Based on this phenomenon, Old Ma, who is good at considering problems from the source, has taken action again. As early as October of last year, Ma applied for an insurance license for Tesla in Texas and established an insurance institution in Shanghai, claiming that car insurance business would account for 30-40% of Tesla’s overall business value in the future.
What’s interesting is that when Tesla obtained its insurance license, it hadn’t yet received its production license in Texas, meaning that car insurance was born before the car itself.
Tesla’s UBI insurance (not related to the FBI) is based on real-time driving behavior being incorporated into the safety rating system of insurance products, such as frontal collision warnings, emergency braking, sharp turns, unsafe following distances, and forced autonomous driving disengagement for every 1,000 miles.
According to a statement from Tesla’s official website cited by the media, unlike most insurance products, we remove variables that affect your insurance premiums, such as credit, age, gender, and marital status. Your insurance price will be determined by your driving behavior.
There is also an important statement: we will not increase your insurance premiums due to a driving accident. I believe this statement must have moved you if you accidentally scratched or shattered the windshield while replacing the wipers.

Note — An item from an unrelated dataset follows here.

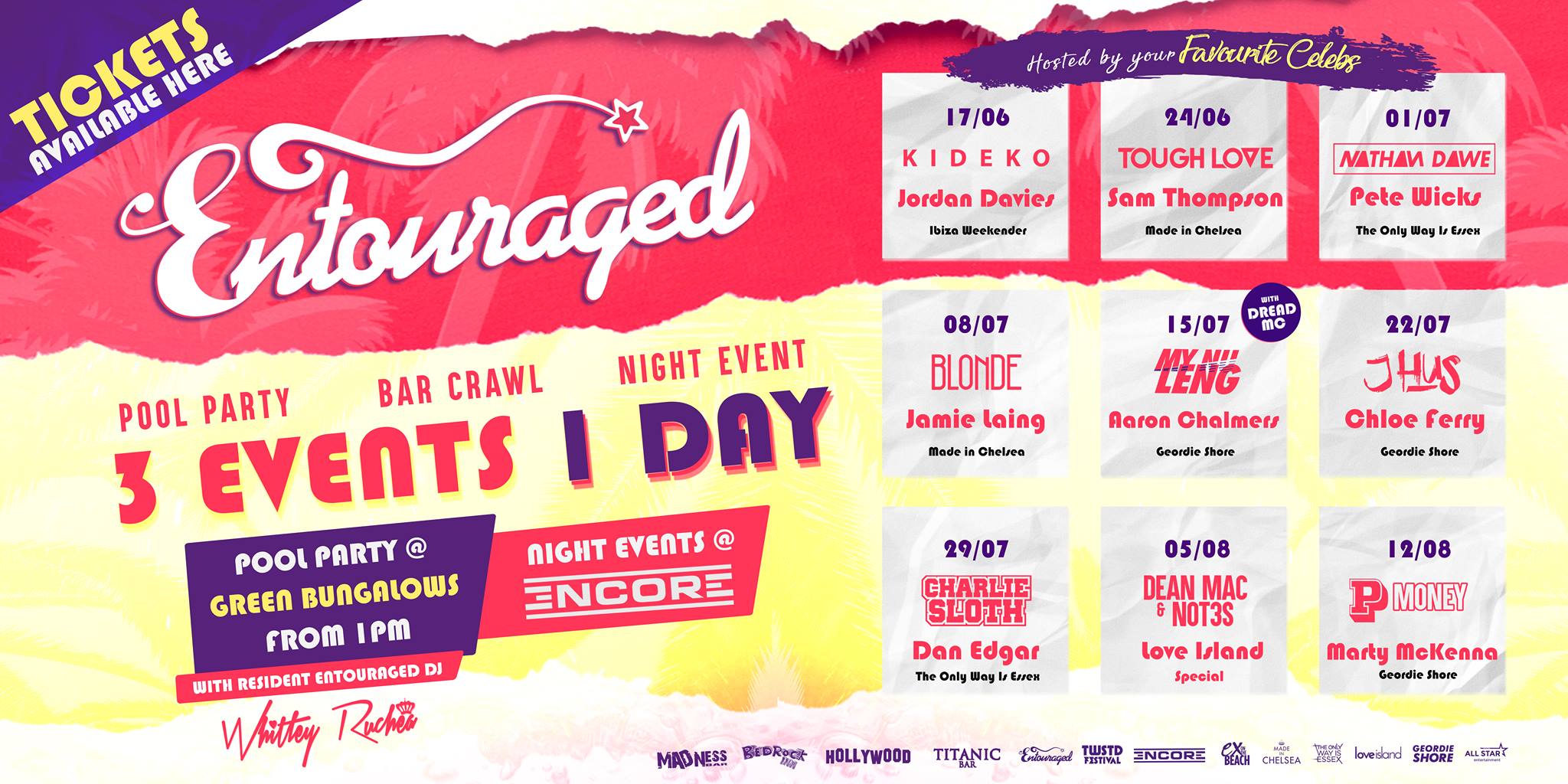 Entouraged is Napa's only all day event, running every Saturday with your favourite Uk celebs and Artists.

This is the extraction of good boys from the original large pool, and car owners can of course reduce some premiums.
A similar situation has occurred in the UK, where InsuretheBox classifies policyholders based on mileage. You can buy several thousand kilometers first and then recharge.

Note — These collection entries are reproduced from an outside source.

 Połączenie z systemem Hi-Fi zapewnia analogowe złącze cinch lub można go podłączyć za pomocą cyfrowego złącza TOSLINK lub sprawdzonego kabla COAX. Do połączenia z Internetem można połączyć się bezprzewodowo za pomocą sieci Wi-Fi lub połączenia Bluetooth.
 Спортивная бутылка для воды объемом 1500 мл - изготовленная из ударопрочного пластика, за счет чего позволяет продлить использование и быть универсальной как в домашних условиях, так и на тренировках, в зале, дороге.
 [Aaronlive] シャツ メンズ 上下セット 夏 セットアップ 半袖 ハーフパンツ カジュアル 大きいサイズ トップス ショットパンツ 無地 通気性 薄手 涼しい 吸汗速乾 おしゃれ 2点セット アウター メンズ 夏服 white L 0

Others have introduced even more imaginative ideas, such as recharging insurance at gas stations by adding 200 kilometers of insurance when refueling. Their common feature is customization. Rather than waiting for the insurance industry to be fragmented, it is more about meeting the demands of different groups of people.The current situation in China is that insurance companies have added more variables when calculating the new year’s premiums. In addition to driving habits, there are also accident rates for the same brand of car, which is another classification method, but it is relatively crude compared to personal customization.
Although Musk has set a model for the industry, Tesla’s UBI car insurance is based on the driving behavior of car owners recorded by the vehicle-mounted OBD. Perhaps this is more suitable for host manufacturers to launch supporting insurance institutions, because it can better protect vehicle and customer privacy.
The constraint is that the willingness of host manufacturers to cooperate with independent insurance institutions is not very strong, after all, it requires sharing customer and vehicle data. Several years ago, the domestic UBI business was also so yellow.
Musk’s spark may not ignite a prairie fire, but it may be helpful in promoting independent insurance business for car manufacturers. Of course, the analysis model based on driving behavior also needs to be further refined. After all, the acceleration ability of electric cars has released many car owners’ desires that have been suppressed for many years. Now, while regulations have not yet restrained me, I have to consider insurance premiums before accelerating and braking. It is not a kind of human repression.
The world is indeed full of contradictions.